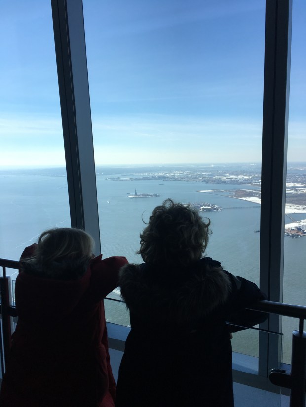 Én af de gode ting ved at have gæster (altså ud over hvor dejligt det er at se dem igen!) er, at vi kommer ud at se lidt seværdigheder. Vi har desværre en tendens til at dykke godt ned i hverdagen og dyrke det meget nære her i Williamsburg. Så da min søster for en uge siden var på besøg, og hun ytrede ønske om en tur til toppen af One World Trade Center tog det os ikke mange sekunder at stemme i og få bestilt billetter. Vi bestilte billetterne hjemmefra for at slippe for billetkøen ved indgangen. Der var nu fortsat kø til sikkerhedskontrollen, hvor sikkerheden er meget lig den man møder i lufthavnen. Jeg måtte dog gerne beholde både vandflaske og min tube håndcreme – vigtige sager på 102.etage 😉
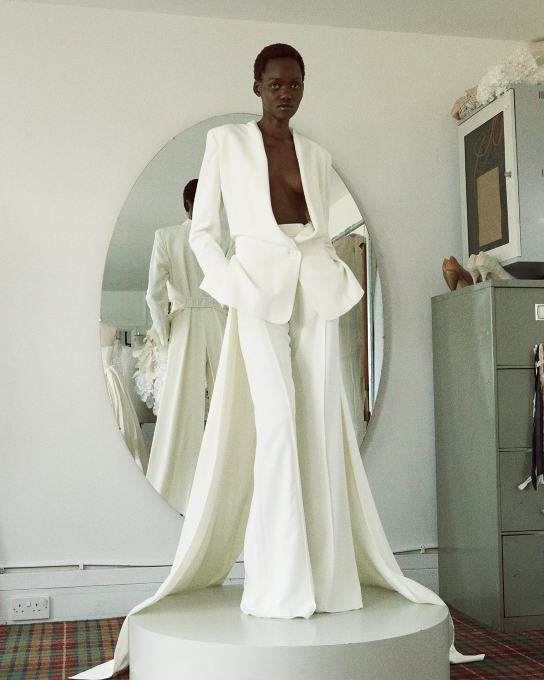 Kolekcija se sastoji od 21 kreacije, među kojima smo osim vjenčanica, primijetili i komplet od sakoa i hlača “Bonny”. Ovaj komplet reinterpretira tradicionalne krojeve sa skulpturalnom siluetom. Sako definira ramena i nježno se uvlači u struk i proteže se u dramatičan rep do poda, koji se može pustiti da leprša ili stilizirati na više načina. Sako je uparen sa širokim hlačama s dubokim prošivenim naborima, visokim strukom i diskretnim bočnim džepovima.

==

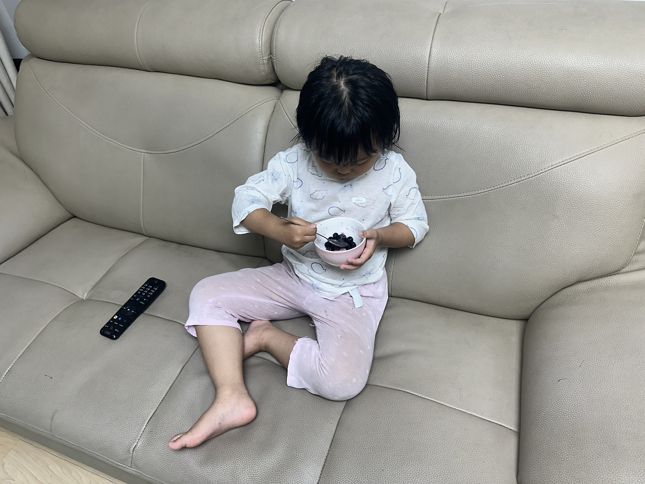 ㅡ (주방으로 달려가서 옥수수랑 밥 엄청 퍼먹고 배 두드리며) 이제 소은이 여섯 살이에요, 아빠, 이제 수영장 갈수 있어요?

* **Activity**
Starting at the line above that holds "Én af de gode", repeat every line exactly down to and including the line that holds "Kolekcija se sastoji", then stop. Do not carry over any pictures.

* **Task result**
 Én af de gode ting ved at have gæster (altså ud over hvor dejligt det er at se dem igen!) er, at vi kommer ud at se lidt seværdigheder. Vi har desværre en tendens til at dykke godt ned i hverdagen og dyrke det meget nære her i Williamsburg. Så da min søster for en uge siden var på besøg, og hun ytrede ønske om en tur til toppen af One World Trade Center tog det os ikke mange sekunder at stemme i og få bestilt billetter. Vi bestilte billetterne hjemmefra for at slippe for billetkøen ved indgangen. Der var nu fortsat kø til sikkerhedskontrollen, hvor sikkerheden er meget lig den man møder i lufthavnen. Jeg måtte dog gerne beholde både vandflaske og min tube håndcreme – vigtige sager på 102.etage 😉
 Kolekcija se sastoji od 21 kreacije, među kojima smo osim vjenčanica, primijetili i komplet od sakoa i hlača “Bonny”. Ovaj komplet reinterpretira tradicionalne krojeve sa skulpturalnom siluetom. Sako definira ramena i nježno se uvlači u struk i proteže se u dramatičan rep do poda, koji se može pustiti da leprša ili stilizirati na više načina. Sako je uparen sa širokim hlačama s dubokim prošivenim naborima, visokim strukom i diskretnim bočnim džepovima.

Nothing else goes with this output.